> _Task description_
In the records below, find the line containing "就产品类型而言,目前≥4K是最主要的细分产品,占据大约90.8%的份额。" and the line containing "Wooden hoops adorned". Give again exactly those lines and every line between them, omitting the pictures.

Start of Extracted material

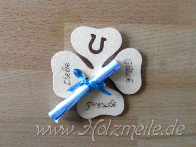 Dieses vierblättrige Kleeblatt bringt Ihnen auf allen Lebenswegen Glück, Liebe und Freude! Schenken Sie diese tollen Dinge und zaubern Sie Ihrem Gegenüber ein Lächeln ins Gesicht.
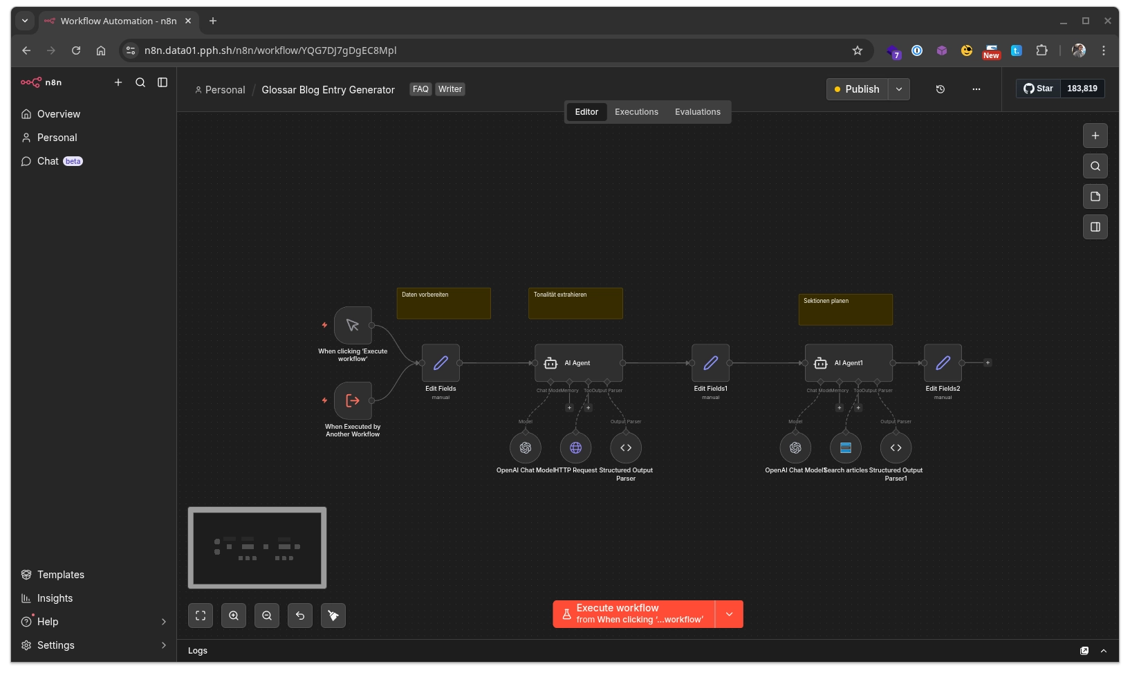 Absolut. Da du n8n selbst hostest, gibt es keine künstlichen Sperren. Du hinterlegst einfach deine eigenen API-Keys in den entsprechenden Nodes. Dein Server fungiert dabei als sicheres Mission Control Center für deine KI-Workflows. Das Netzwerk lässt alles durch.
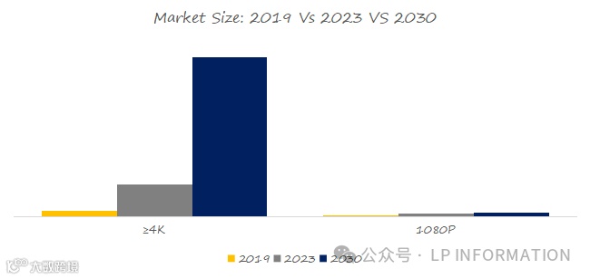 就产品类型而言,目前≥4K是最主要的细分产品,占据大约90.8%的份额。
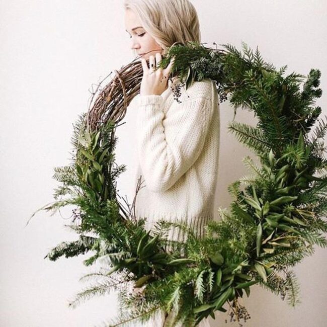 Wooden hoops adorned with pine garlands invite peaceful moments into your living spaces.
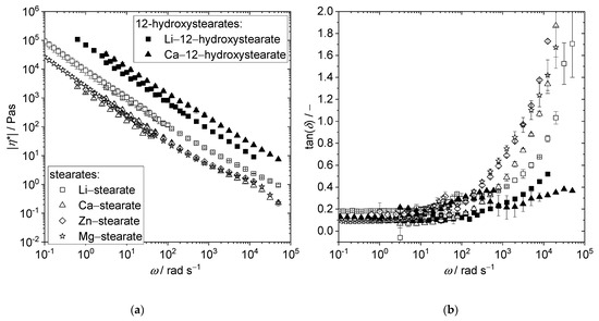 Figure 7b shows the frequency-dependent loss factors of the different greases. In the low frequency range, the elastic response due to the filament network dominated and tan(δ) values were below 0.2, whereas in the high frequency range, the viscous contribution of the oil became increasingly dominant.
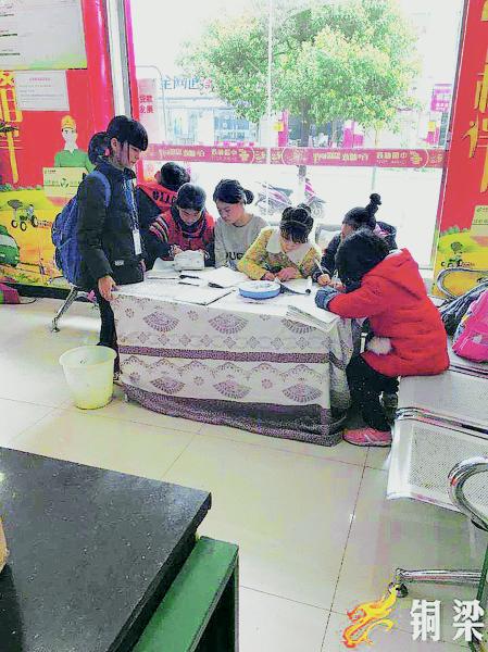 “周一到周四,這里的學(xué)生有20個(gè)左右,只有周五部分學(xué)生要乘車回銅梁,部分學(xué)生走路回家,這里學(xué)生就少很多。”劉文萍說,營業(yè)廳里原本沒有桌子,板凳也是提供給前來辦業(yè)務(wù)的顧客坐的。為何會(huì)在這兒設(shè)立一個(gè)“四點(diǎn)半”課堂,這源于一年前她的一個(gè)發(fā)現(xiàn)。
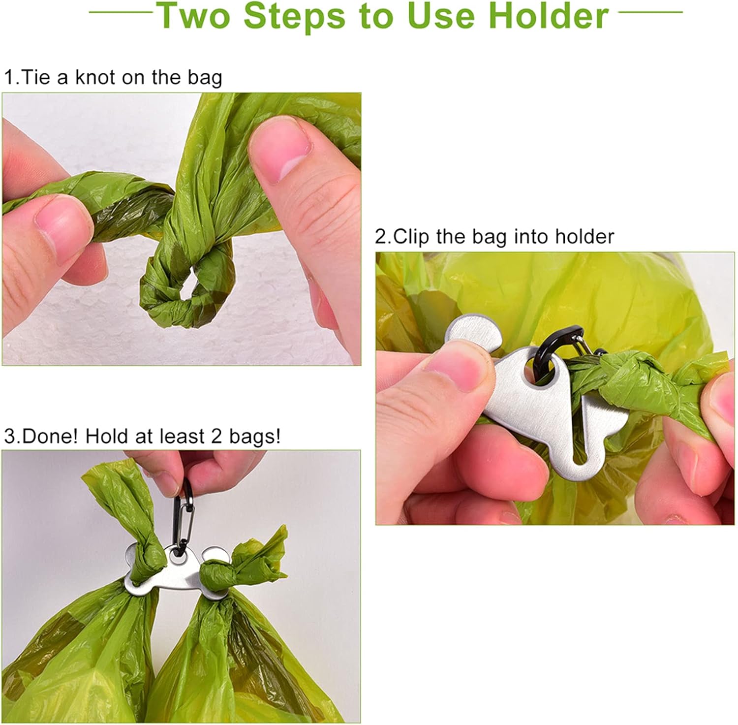 - 【Durable & Easy to use】DURABLE! Made of stainless steel metal, our dog poop bag carrier / holder is super durable. You can use it for a long time. Also it’s very easy to use! Just tie a knot in the dog poop bags. Then hold the knot on the metal holder. And begin your hand free walking time!
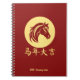 Caderno Espiral Ano Novo Chinês Moderno Cavalo Dourado Vermelho
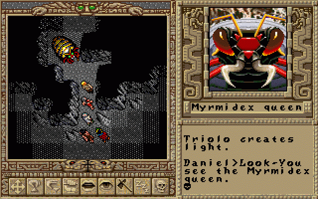 If you answer him correctly, Intanya will judge you fit to travel, and will let you go free. He will give you a companion, Triolo, and mention your friends, Rafkin and Jimmy. He will also be the first to mention the Myrmidex, but will not tell you anything beyond the fact that they are tough enemies. If you ask about your friends, he will tell you that Rafkin is with the Yolaru tribe to the east, and Jimmy is among the Disquiqui far to the south.
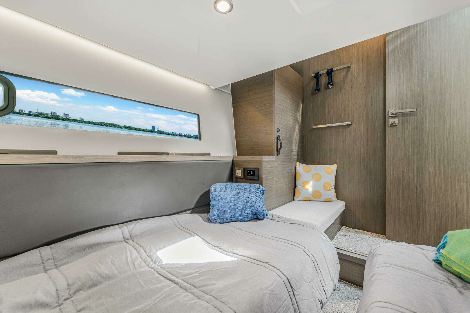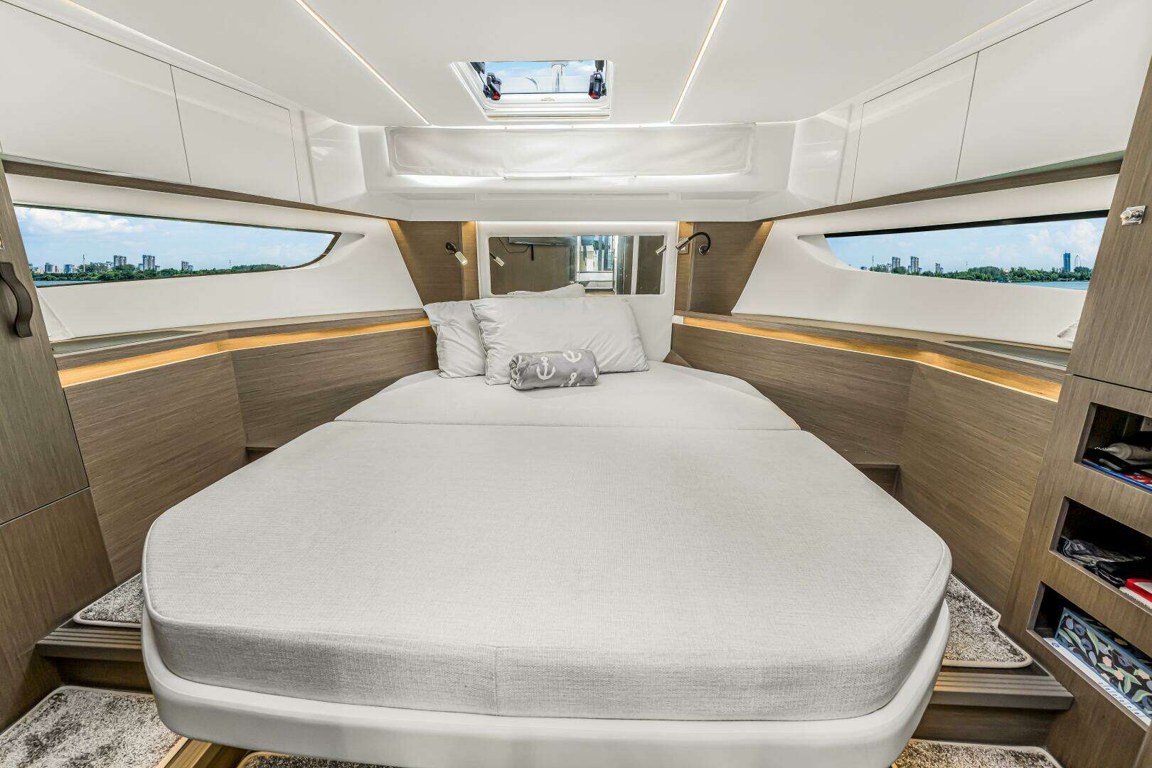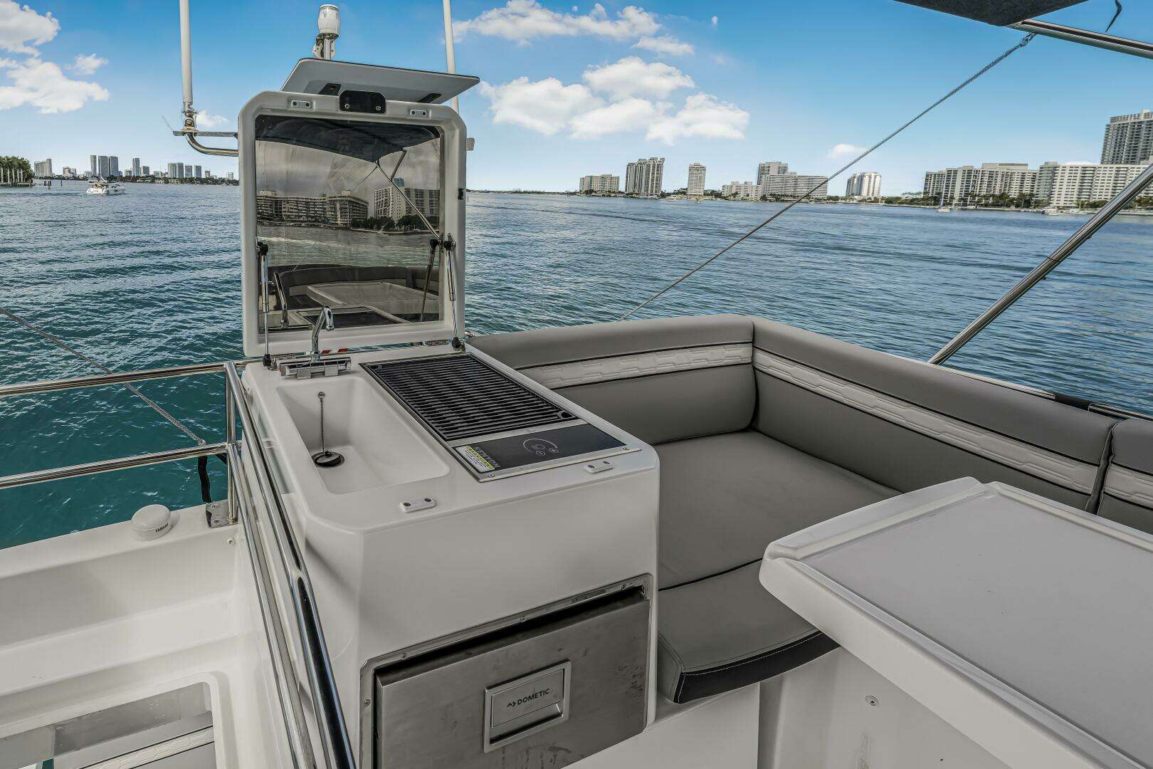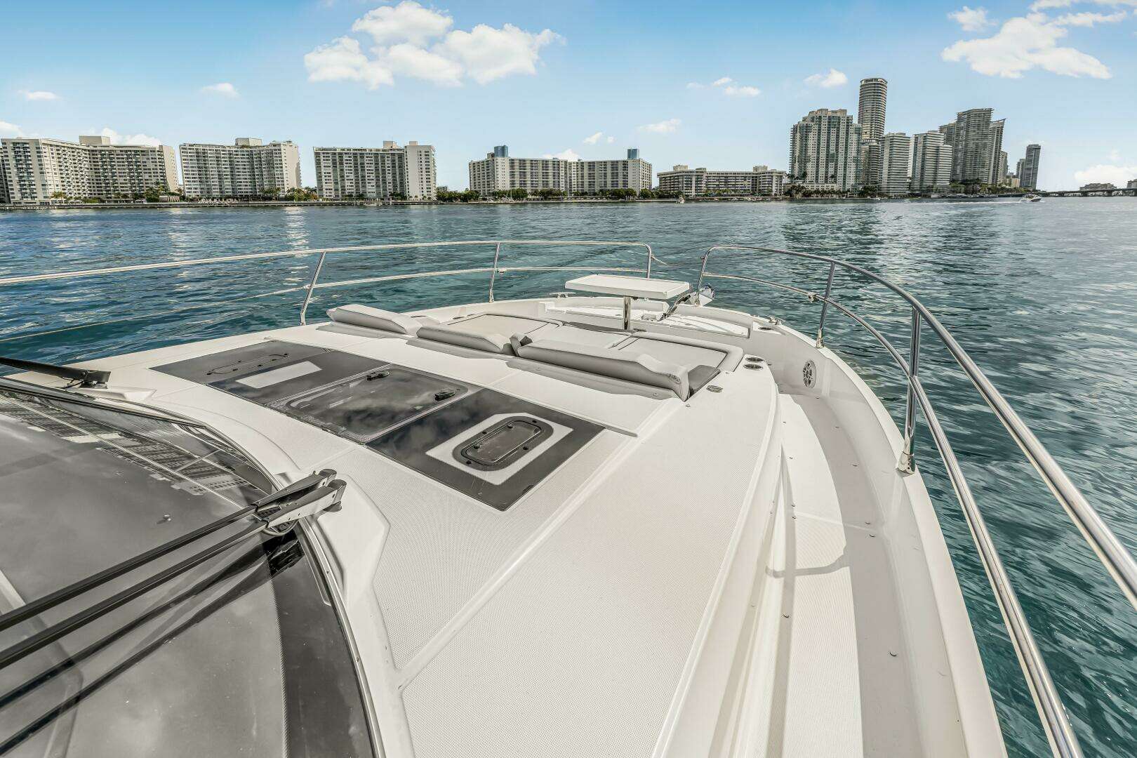 The foredeck sports three sunpads each with armrests with holders. To protect from the sun the aft cockpit has an electric extending awning and a forward sunshade. Owners can easily stow water toys or even a few cases of wine. This boat is outfitted with a Seakeeper 3 and a 3-kW Fischer Panda genset.

End of Extracted material

> _Result for this exercise_
 就产品类型而言,目前≥4K是最主要的细分产品,占据大约90.8%的份额。
 Wooden hoops adorned with pine garlands invite peaceful moments into your living spaces.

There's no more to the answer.